Human Rights Awards Dinner, 8th November 2015

Our 2015 Human Rights Awards Dinner will take place at the Grand Connaught Rooms on Sunday 8 November 2015. This year we are celebrating the work of Israelis who dedicate their lives to advancing a diverse, tolerant and truly shared society.


We will be presenting our Human Rights Awards to three exceptional leaders:

Samah Salaime Egbariya – Arab Women in the Centre (AWC)

Eli Bareket – Memizrach Shemesh

Gadi Gvaryahu – Tag Meir

Samah, Eli, and Gadi’s work spans the breadth of Israel’s diverse communities, but each of them works tirelessly towards one goal: a more tolerant, more cohesive, vision of Israeli life.

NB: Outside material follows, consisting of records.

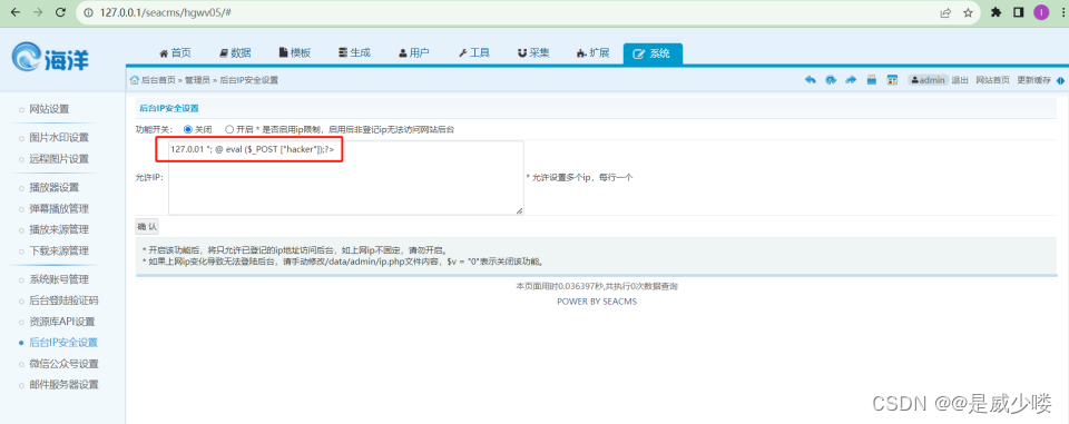Through testing, it was found that there is a remote code execution vulnerability in/augap/adminip.php, which allows attackers to insert malicious code into the input box and execute it through the backend IP security settings
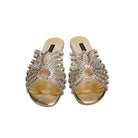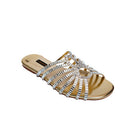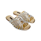 Showcase your enduring sense of style with our cage design 'Christina' kitten flats. Crafted in gold leather, adorned with shimmering micro crystals, this versatile pair features an adjustable strap for a secure fit. Look no further for a statement sandal that promises to make you dazzle.
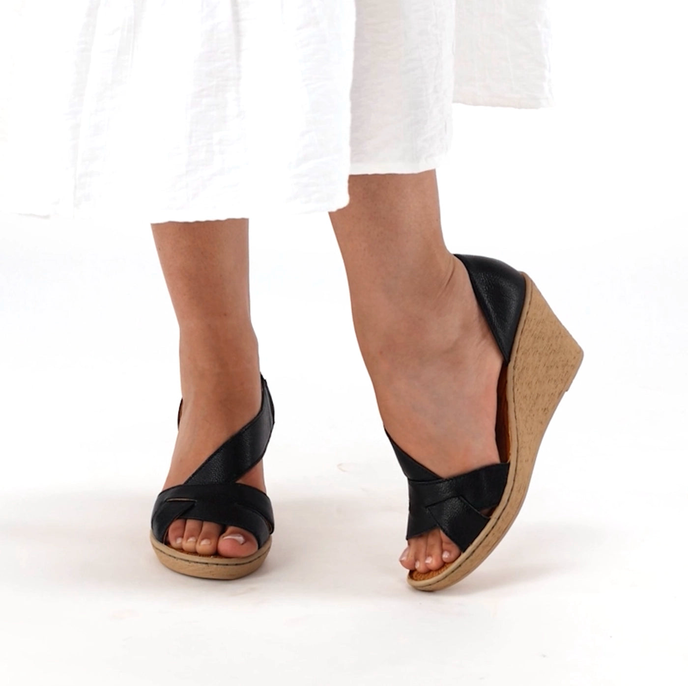 With its artfully sculpted vamp and bold 7.5cm wedge heel, this sandal stands tall in both style and comfort. Crafted from genuine leather, it balances elegance with ease, thanks to a locally made PU sole that’s lightweight, flexible, and infused with bounceback memory. An EVA footbed with memory foam cushions each step, while the breathable aircell sock and microfibre lining keep things fresh—proof that true beauty lies in thoughtful detail.
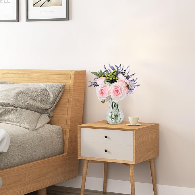 - Faux Flowers in Vase: Artificial flowers with vase include fake roses, artificial lavender plant, silk hydrangea flowers, berries and one glass vase. Perfect for coffee table decor, bathroom decor, kitchen decor, dining room decor, office decor, farmhouse decor
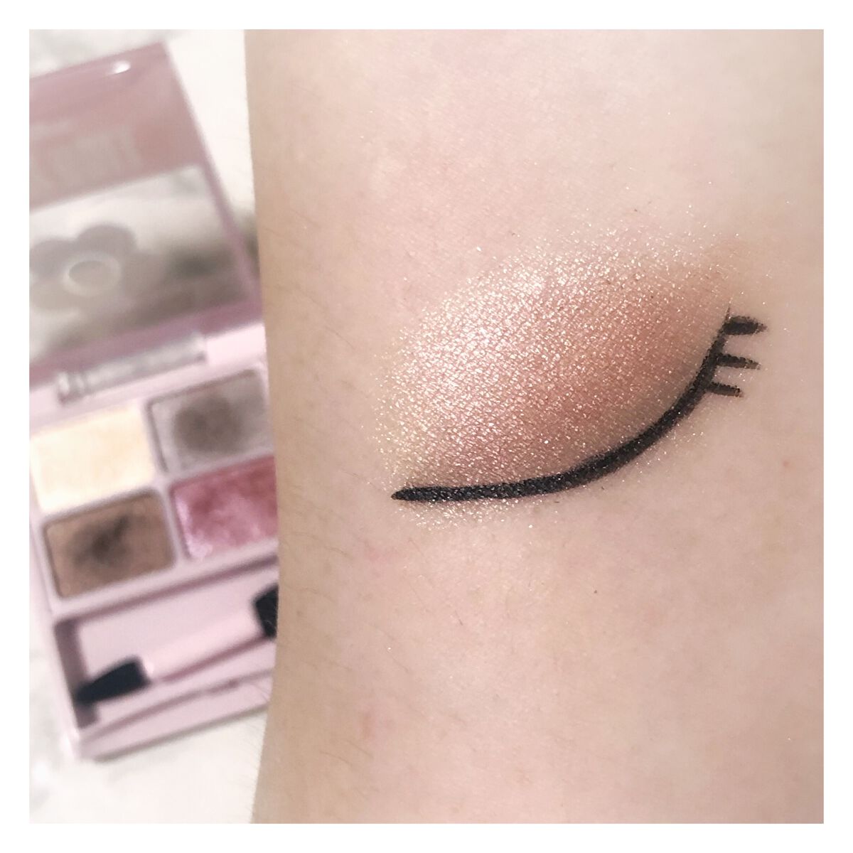 透け感発色 4色パレット 高輝度ラメ 3種の美容エモリエントオイル配合 チップ付属 発色はパレットよりもやや薄め 右下以外はシマーパールな仕上がりで右下のみラメ感を感じる 柔らかなスモーキーメイクをしてみたい方 黄みやブラウンに寄っていないグレージュをお探しの方 お勧め
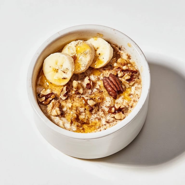 Save A warm, nourishing breakfast treat featuring creamy baked oats, sweet banana, and a drizzle of honey. These individual ramekins are baked to perfection and make a comforting start to your morning.
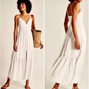 Abercrombie & Fitch white maxi dress with a button-front and tiered skirt
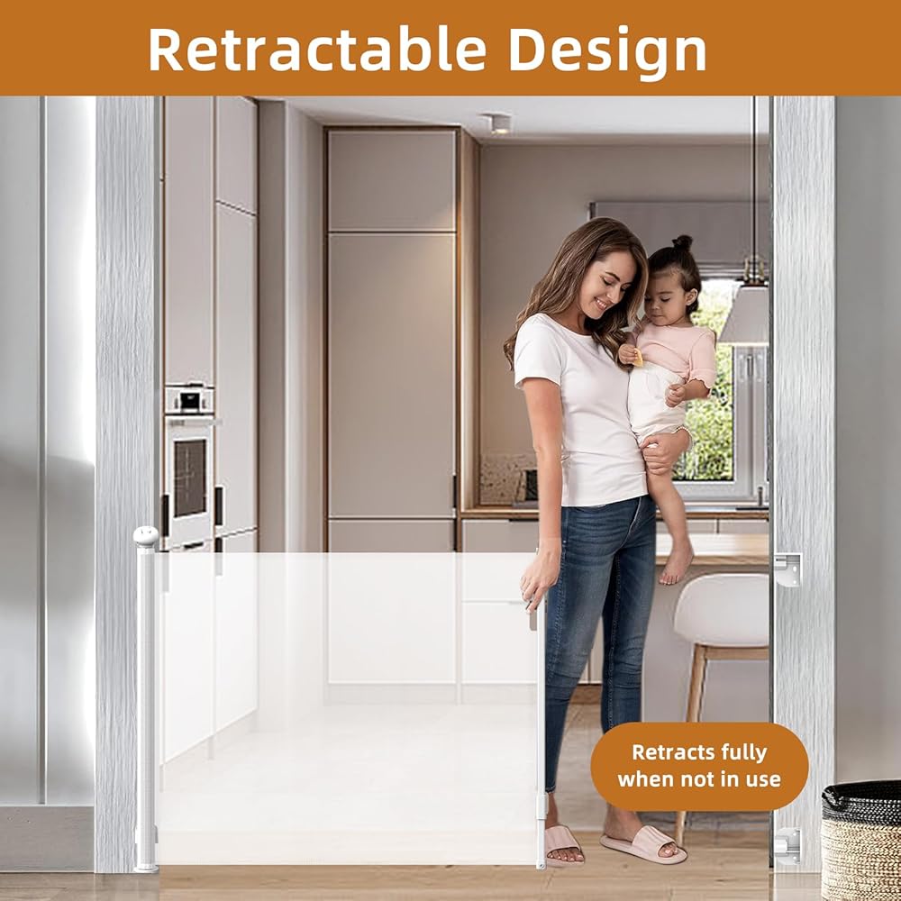 【Sturdy & Durable Baby Gate】- Our extra wide retractable baby gates adopt ABS material, with good chemical stability, strong impact resistance, wear resistance, smooth surface and does not irritate your hands, and the mesh cloth is translucent, you can easily control the situation on the other side to even in the semi-enclosed state, creating a separate space for your baby or lovely pets, the mesh can be completely rolled up and does not take up space when not in use.
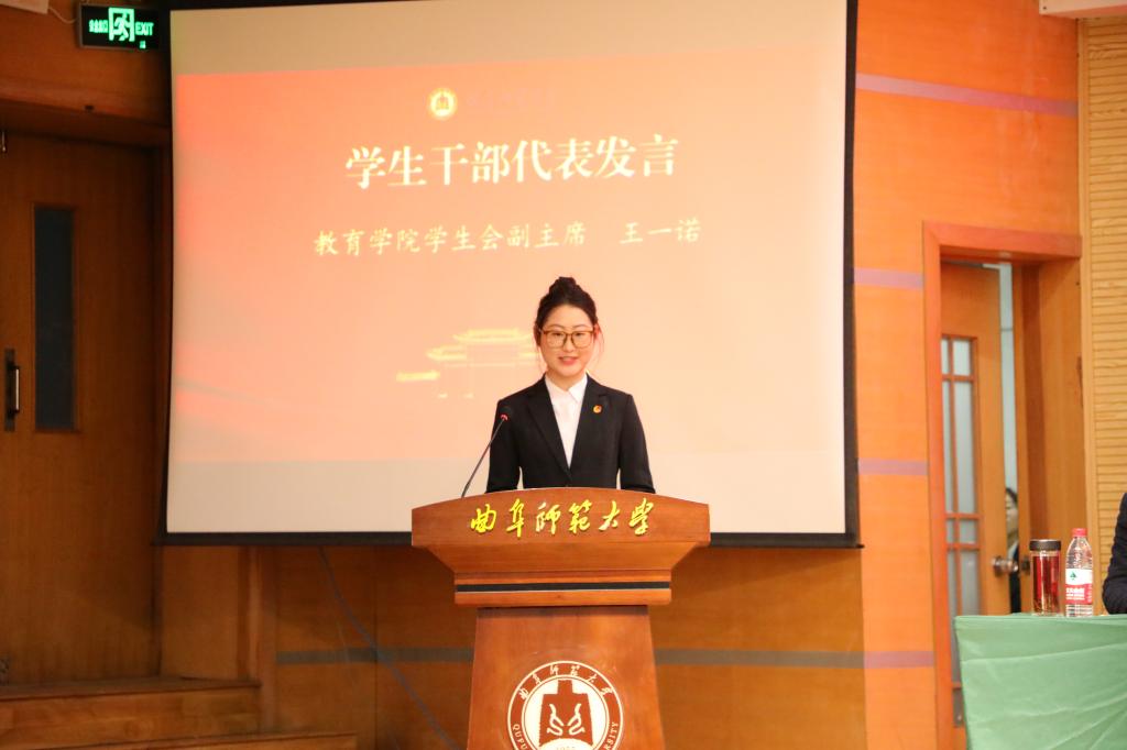 学生干部代表王一诺在发言中表示,将通过向优秀师长学习、参与班级管理案例研讨,深入学习先进工作方法,在思想碰撞中拓宽视野,在实践交流中提升组织协调能力,为更好服务同学、建设班集体贡献力量。
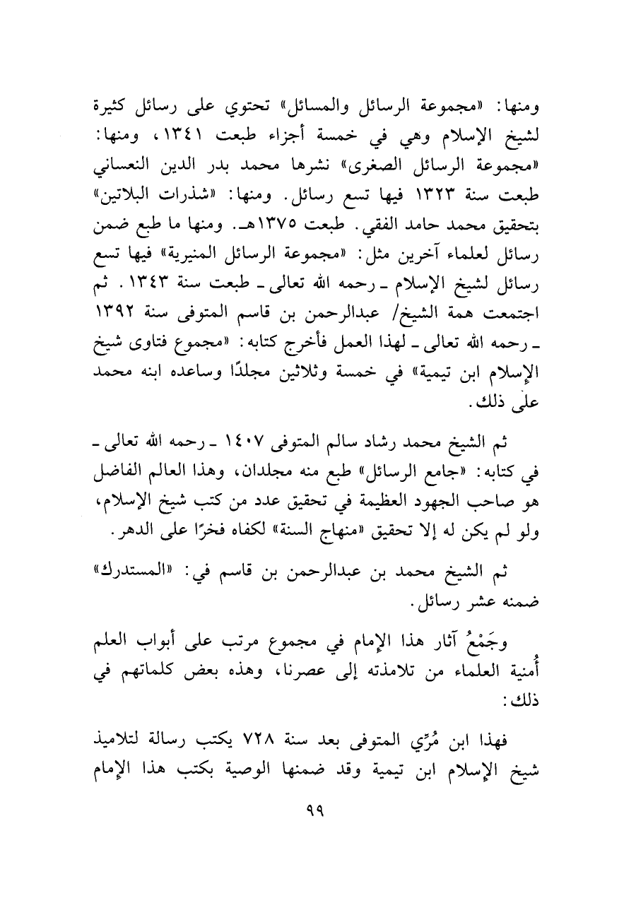 ثم الشيخ محمَّد رشاد سالم المتوفى ١٤٠٧ - رحمه الله تعالى- في كتابه: "جامع الرسائل" طبع منه مجلدان، وهذا العالم الفاضل هو صاحب الجهود العظيمة في تحقيق عدد من كتب شيخ الإِسلام، ولو لم يكن له إلا تحقيق "منهاج السنة" لكفاه فخرًا على الدهر.

Samah Salaime Egbariya – Arab Women in the Centre

Samah is the founding director of Arab Women in the Centre (AWC), an organization that seeks to promote the status of women in Ramla, Lod and Jaffa. Established in 2009, one of the most important parts of AWC’s work is in combating gender-based violence and so-called ‘honour killings.’

Samah also leads the innovative Russian-Palestinian project, Women Build A Shared Future. Based in Lod, this project promotes dialogue between the two minority groups and aims to improve their quality of life. Women Build A Shared Future receives a grant from NIF and is guided by Shatil.

A social worker by training, Samah writes a regular column in the online +972 magazine. She is a 2013 graduate of the Mandel School of Educational Leadership and lives in the shared village of Neve Shalom/ Wahat al-Salam.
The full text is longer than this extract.